Start by scaling wist.data and then pass to hcluswt()
data.scaled <- scale(wisc.data)
data.dist <- dist(data.scaled)
wisc.hclust <- hclust(data.dist)
Q10. Using the plot() and abline() functions, what is the height at which the clustering model has 4 clusters?
plot(wisc.hclust)
abline(h=19, col="red", lty=2)

wisc.hclust.clusters <- cutree(wisc.hclust, k=4)

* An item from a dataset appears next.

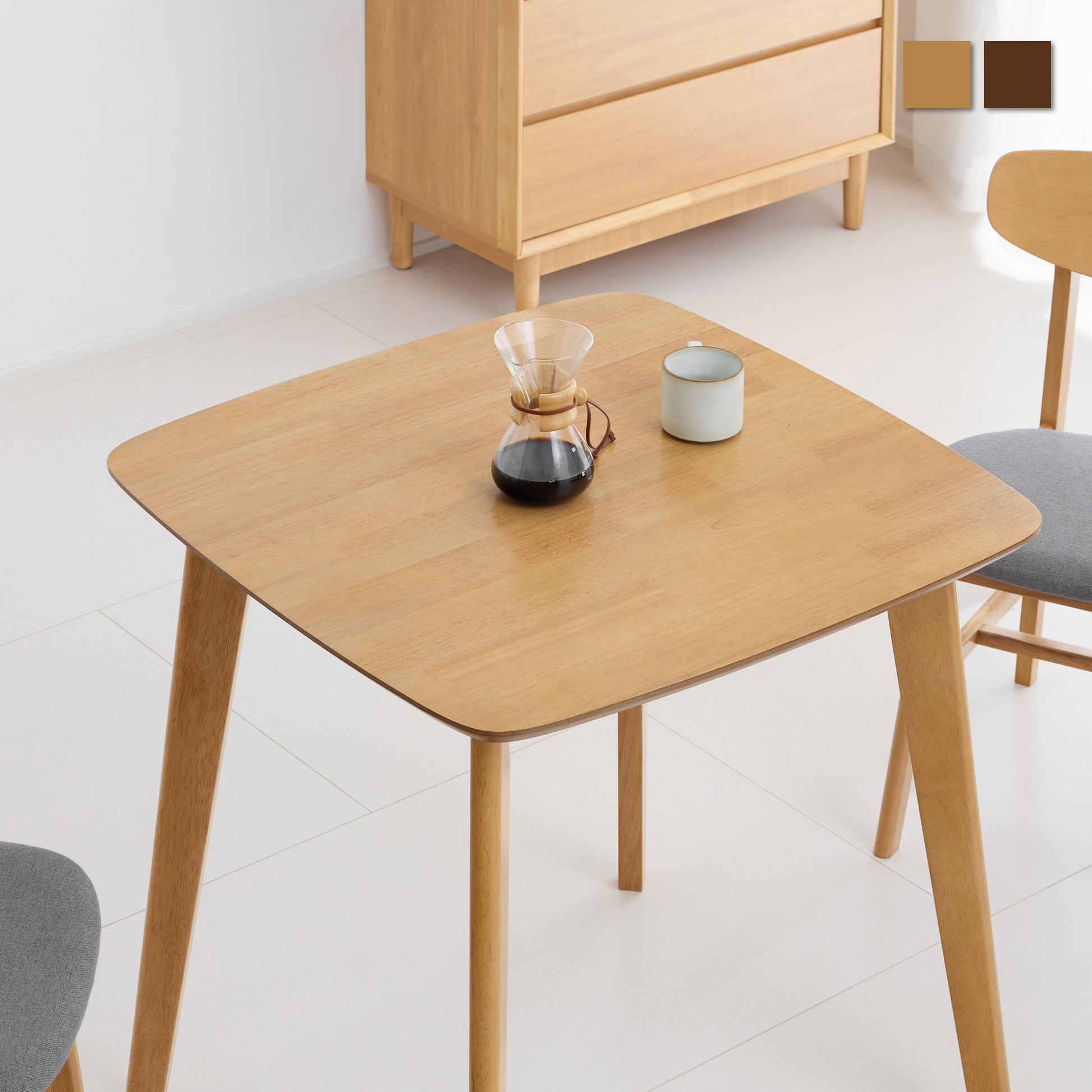 コンパクトな暮らしに調和するデザインに設計されたChiano-T75(キアノ-T75)。75cm×75cmの正方形サイズは、限られた空間でも圧迫感がなく、一人暮らしや二人暮らしの食卓に適しています。天然木ラバーウッドの自然な風合いを活かし、シンプルな北欧テイストでまとめることで、どんなお部屋にもなじむ佇まいに。化粧MDFの天板は木の質感を保ちながら、お手入れのしやすさにも配慮しました。柔らかな曲線を描く脚部が空間に軽やかさを添え、耐荷重68kgの設計により、日常使いに安心して取り入れられる一台です。

table(wisc.hclust.clusters, diagnosis)
diagnosis
wisc.hclust.clusters B M
1 12 165
2 2 5
3 343 40
4 0 2
Q12. Which method gives your favorite results for the same data.dist dataset? Explain your reasoning
I liked “complete” because it gave distinct clusters at the top of the dendrogram compared to “single” and “average”.
We can take our new variables (the PCs, wisc.pr$x) that are better
descriptors of the dataset than the original features (the 30 columns in
wisc.data) and use these as a basis for clustering.

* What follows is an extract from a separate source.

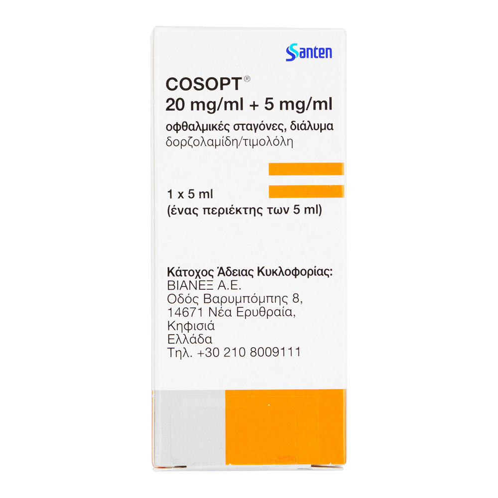1ml Contains: Dorzolamide 20mg and Timolol 5mg, Benzalkonium Chloride, Hydroxyethylcellulose, Mannitol, Sodium Citrate, Sodium Hydroxide, Water for Injections.
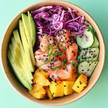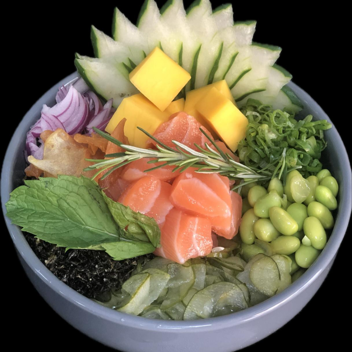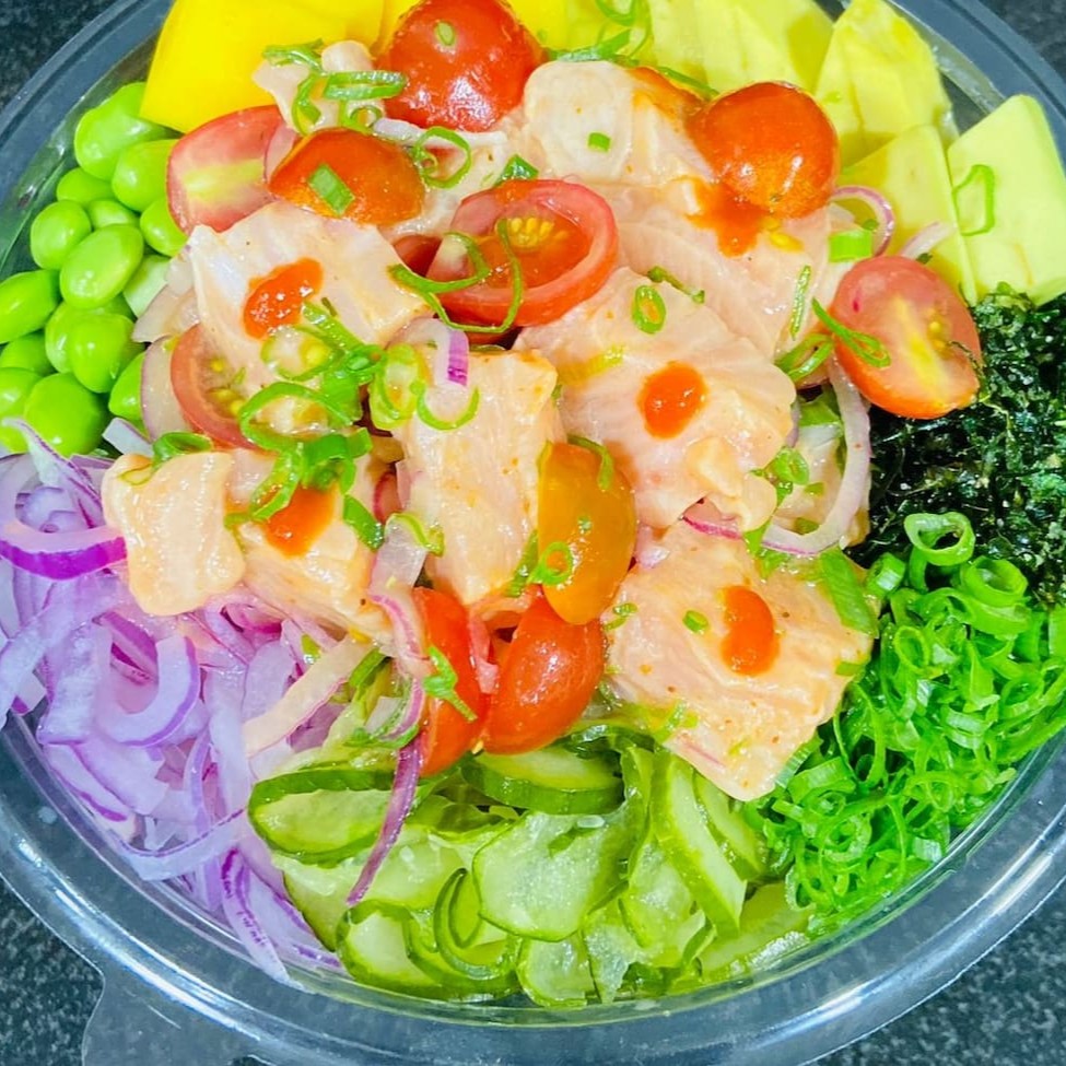 Poke com 10 ingredientes fresquinhos : Shari,salmão,manga,abacate,cenoura,repolho,tomate cereja,cebola roxa,pepino e moyashi.

pc.dist <- dist(wisc.pr$x[ ,1:3])
wisc.pr.hclust <- hclust(pc.dist, method = "ward.D2")
plot(wisc.pr.hclust)

grps <- cutree(wisc.pr.hclust, k=2)
table(grps)
grps
1 2
203 366
Q13. How well does the newly created hclust model with two clusters separate out the two “M” and “B” diagnoses?

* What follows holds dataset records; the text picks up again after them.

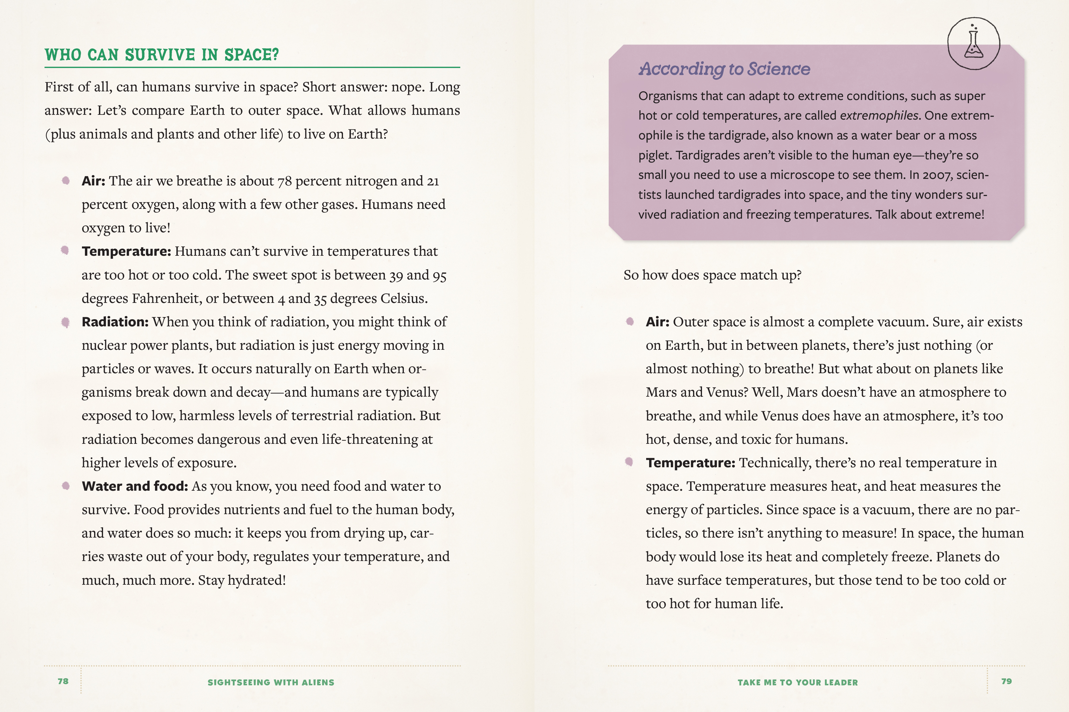 The topic of aliens is a gigantic question mark. Scientists haven’t discovered evidence of life on other planets, but that doesn’t mean they’re ruling it out altogether. What we know about space and the possibility of life on other planets is constantly changing. In fact, science itself is constantly changing. (Fun fact: scientists are still discovering new chemical elements!) In the meantime, it doesn’t hurt to ask ourselves a few questions: What would you do if you met someone from another planet? How do you treat those who are different from you? What do you think the future will look like—for you and for Planet Earth? And is astronaut ice cream actually any good?
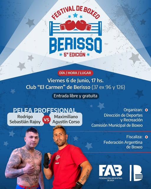 La pasión por el boxeo se renueva en Berisso con una nueva edición del tradicional festival organizado por la Dirección de Deportes y Recreación junto a la Comisión Municipal de Boxeo. La cita será el viernes 6 de junio a partir de las 17 horas en el Club “El Carmen” (37 ex 96 y 126), con entrada libre y gratuita para toda la comunidad.
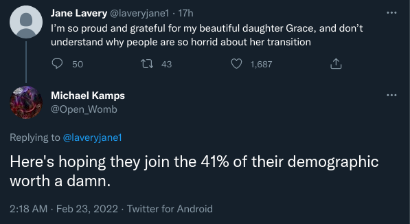 Over the following evening and morning, with Grace herself no longer available to abuse, the targetting shifted over to her mother who had tweeted her confusion at the abuse Grace had been facing for being trans. Anti-trans Twitter accounts sent her many abusive messages, with two different people posting private sexual content belonging to Grace Lavery and her husband at her own mother, and another using a common anti-trans dog whistle to express a wish that Grace commits suicide.
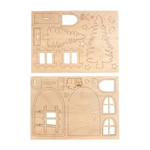 Rayher Nisse drzwi skrzata, drewno z certyfikatem FSC, 2 płyty drewniane 21 x 15 cm, 26-częściowy, motywy do wyrywania, dekoracja drewniana do malowania, 64518505

We can now run table() with both my clustering grps and the expert
diagnosis
table(grps, diagnosis)
diagnosis
grps B M
1 24 179
2 333 33
Cluster “1” has 179 “M” diagnosis Cluster “2” has 333 “B” diagnosis
179 TP 24 FP 333 TN 33 FN
ggplot(wisc.pr$x) +
aes(PC1, PC2) +
geom_point(col=grps)

Sensitivity: TP/(TP+FN)
179/(179+33)
[1] 0.8443396
Specificity: TN/(TN+FP)
333/(333+24)
[1] 0.9327731
#url <- "new_samples.csv"
url <- "https://tinyurl.com/new-samples-CSV"
new <- read.csv(url)
npc <- predict(wisc.pr, newdata=new)
npc
PC1 PC2 PC3 PC4 PC5 PC6 PC7
[1,] 2.576616 -3.135913 1.3990492 -0.7631950 2.781648 -0.8150185 -0.3959098
[2,] -4.754928 -3.009033 -0.1660946 -0.6052952 -1.140698 -1.2189945 0.8193031
PC8 PC9 PC10 PC11 PC12 PC13 PC14
[1,] -0.2307350 0.1029569 -0.9272861 0.3411457 0.375921 0.1610764 1.187882
[2,] -0.3307423 0.5281896 -0.4855301 0.7173233 -1.185917 0.5893856 0.303029
PC15 PC16 PC17 PC18 PC19 PC20
[1,] 0.3216974 -0.1743616 -0.07875393 -0.11207028 -0.08802955 -0.2495216
[2,] 0.1299153 0.1448061 -0.40509706 0.06565549 0.25591230 -0.4289500
PC21 PC22 PC23 PC24 PC25 PC26
[1,] 0.1228233 0.09358453 0.08347651 0.1223396 0.02124121 0.078884581
[2,] -0.1224776 0.01732146 0.06316631 -0.2338618 -0.20755948 -0.009833238
PC27 PC28 PC29 PC30
[1,] 0.220199544 -0.02946023 -0.015620933 0.005269029
[2,] -0.001134152 0.09638361 0.002795349 -0.019015820
plot(wisc.pr$x[,1:2], col=grps)
points(npc[,1], npc[,2], col="blue", pch=16, cex=3)
text(npc[,1], npc[,2], c(1,2), col="white")

Q16. Which of these new patients should we prioritize for follow up based on your results?
Since patient 2 is in Cluster 1, which has a high amount of malignant “M” diagnoses, they should be prioritized for follow-up.